Читаем Добротолюбие. «Молитва со скорбью». Священник Константин Корепанов

9 октября 2023 г.

Мы продолжаем читать наставления преподобного Ефрема Сирина из второго тома «Добротолюбия». Напомню, мы читаем 106-й абзац, который посвящен доступной человеку свободе. И в прошлый раз, читая этот абзац, мы говорили о том, что все наши усилия осуществить какой-то подвиг или какое-то делание очень важны и очень нужны, но не для того, для чего мы их используем.
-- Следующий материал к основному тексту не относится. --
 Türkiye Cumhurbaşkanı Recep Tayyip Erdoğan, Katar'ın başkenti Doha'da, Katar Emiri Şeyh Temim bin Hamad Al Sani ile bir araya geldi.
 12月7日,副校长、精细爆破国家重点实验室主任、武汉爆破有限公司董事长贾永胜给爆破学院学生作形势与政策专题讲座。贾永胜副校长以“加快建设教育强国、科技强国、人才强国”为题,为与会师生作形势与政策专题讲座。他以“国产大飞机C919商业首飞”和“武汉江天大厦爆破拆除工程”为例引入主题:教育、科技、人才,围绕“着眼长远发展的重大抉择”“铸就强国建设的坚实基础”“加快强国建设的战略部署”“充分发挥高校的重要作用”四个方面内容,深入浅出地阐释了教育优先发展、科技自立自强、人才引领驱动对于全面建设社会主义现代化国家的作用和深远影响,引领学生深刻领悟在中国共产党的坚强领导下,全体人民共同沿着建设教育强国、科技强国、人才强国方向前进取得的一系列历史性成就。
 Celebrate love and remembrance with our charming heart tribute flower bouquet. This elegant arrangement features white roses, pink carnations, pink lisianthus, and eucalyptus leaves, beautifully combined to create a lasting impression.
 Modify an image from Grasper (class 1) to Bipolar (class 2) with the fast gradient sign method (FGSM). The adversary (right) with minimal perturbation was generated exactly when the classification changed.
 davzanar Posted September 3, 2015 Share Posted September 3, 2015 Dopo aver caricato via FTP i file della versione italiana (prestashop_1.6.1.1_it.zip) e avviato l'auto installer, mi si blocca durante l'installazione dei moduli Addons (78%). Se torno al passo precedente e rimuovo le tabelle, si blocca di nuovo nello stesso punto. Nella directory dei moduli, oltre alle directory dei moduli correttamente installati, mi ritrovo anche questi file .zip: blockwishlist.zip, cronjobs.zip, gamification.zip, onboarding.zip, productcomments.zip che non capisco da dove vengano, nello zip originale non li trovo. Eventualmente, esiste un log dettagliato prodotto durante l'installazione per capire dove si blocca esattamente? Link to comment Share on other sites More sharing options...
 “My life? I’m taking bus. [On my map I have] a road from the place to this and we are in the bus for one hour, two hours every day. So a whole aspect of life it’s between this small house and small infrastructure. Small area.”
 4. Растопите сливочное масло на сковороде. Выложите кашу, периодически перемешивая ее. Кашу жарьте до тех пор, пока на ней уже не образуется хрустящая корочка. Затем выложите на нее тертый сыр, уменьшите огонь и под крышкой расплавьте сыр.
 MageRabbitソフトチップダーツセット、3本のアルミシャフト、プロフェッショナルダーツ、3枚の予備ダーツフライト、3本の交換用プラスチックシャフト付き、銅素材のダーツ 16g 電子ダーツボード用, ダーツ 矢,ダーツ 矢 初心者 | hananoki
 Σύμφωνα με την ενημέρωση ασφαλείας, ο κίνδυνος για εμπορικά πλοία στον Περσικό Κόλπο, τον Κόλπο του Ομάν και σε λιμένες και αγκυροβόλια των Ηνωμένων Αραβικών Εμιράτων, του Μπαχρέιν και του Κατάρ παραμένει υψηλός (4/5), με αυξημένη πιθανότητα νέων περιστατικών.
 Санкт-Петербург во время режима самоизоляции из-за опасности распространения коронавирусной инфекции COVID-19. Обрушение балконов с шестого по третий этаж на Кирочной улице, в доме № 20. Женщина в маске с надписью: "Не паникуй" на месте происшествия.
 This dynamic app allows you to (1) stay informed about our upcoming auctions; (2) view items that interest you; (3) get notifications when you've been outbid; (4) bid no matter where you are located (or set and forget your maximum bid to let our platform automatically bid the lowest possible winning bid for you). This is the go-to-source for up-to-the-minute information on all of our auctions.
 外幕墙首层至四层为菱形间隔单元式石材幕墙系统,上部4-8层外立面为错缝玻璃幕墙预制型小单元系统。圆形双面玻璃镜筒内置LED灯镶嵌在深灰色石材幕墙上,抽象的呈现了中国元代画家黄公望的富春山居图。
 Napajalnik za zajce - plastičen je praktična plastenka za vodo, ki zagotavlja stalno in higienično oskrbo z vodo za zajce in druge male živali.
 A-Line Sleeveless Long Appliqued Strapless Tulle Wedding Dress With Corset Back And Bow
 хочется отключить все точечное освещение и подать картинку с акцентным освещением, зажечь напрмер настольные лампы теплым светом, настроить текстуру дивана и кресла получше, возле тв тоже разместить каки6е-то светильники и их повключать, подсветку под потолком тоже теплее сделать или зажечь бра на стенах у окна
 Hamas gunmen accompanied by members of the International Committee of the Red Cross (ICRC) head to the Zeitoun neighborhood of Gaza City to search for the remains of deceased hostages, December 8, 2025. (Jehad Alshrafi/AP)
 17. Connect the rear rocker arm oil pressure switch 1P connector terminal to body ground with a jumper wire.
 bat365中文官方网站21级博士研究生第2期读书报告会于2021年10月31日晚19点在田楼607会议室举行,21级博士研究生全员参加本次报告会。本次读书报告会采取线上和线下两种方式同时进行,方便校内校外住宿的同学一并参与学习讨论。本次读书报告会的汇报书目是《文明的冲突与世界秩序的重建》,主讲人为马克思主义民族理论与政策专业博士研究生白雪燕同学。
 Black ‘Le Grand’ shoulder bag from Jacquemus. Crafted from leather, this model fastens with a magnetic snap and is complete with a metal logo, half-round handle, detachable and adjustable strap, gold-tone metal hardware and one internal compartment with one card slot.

Мы-то думаем, что мы таким образом достигнем чего-то и сможем наконец быть достойными нашего Бога. Но на самом деле все эти усилия нужны для того, чтобы познать собственную немощь. Конечно, Бог может дать нам благодать, как только мы начали молиться. И молимся всю жизнь, вот уже 48 лет молимся, ни разу не пропуская ни одной молитвы.

Человек, более или менее простой и живущий социально ограниченной жизнью, 48 лет непрестанно молится каждый день, соблюдая молитвенное правило изо дня в день. Он уверен, что это его заслуга, его усилие. Но поскольку он ни с кем больше не общается, он думает, что все так живут. И пока он думает, что все так живут, он так делает. Но стоит ему только встретиться с другими верующими людьми и узнать, что они так не молятся, как вся его система колеблется. Он-то ведь не знает, что ему дал такую благодать Бог, он думает (и сам смущается): почему остальные не могут, я особенный, что ли? И то, что он спокойно делал 48 лет, ему начинает даваться сначала с трудом, а потом начинаются какие-то пропуски, непонятности, он очень боится это потерять, нервничает, переживает, начинается духовно-воспитательная работа, очень болезненная для человека.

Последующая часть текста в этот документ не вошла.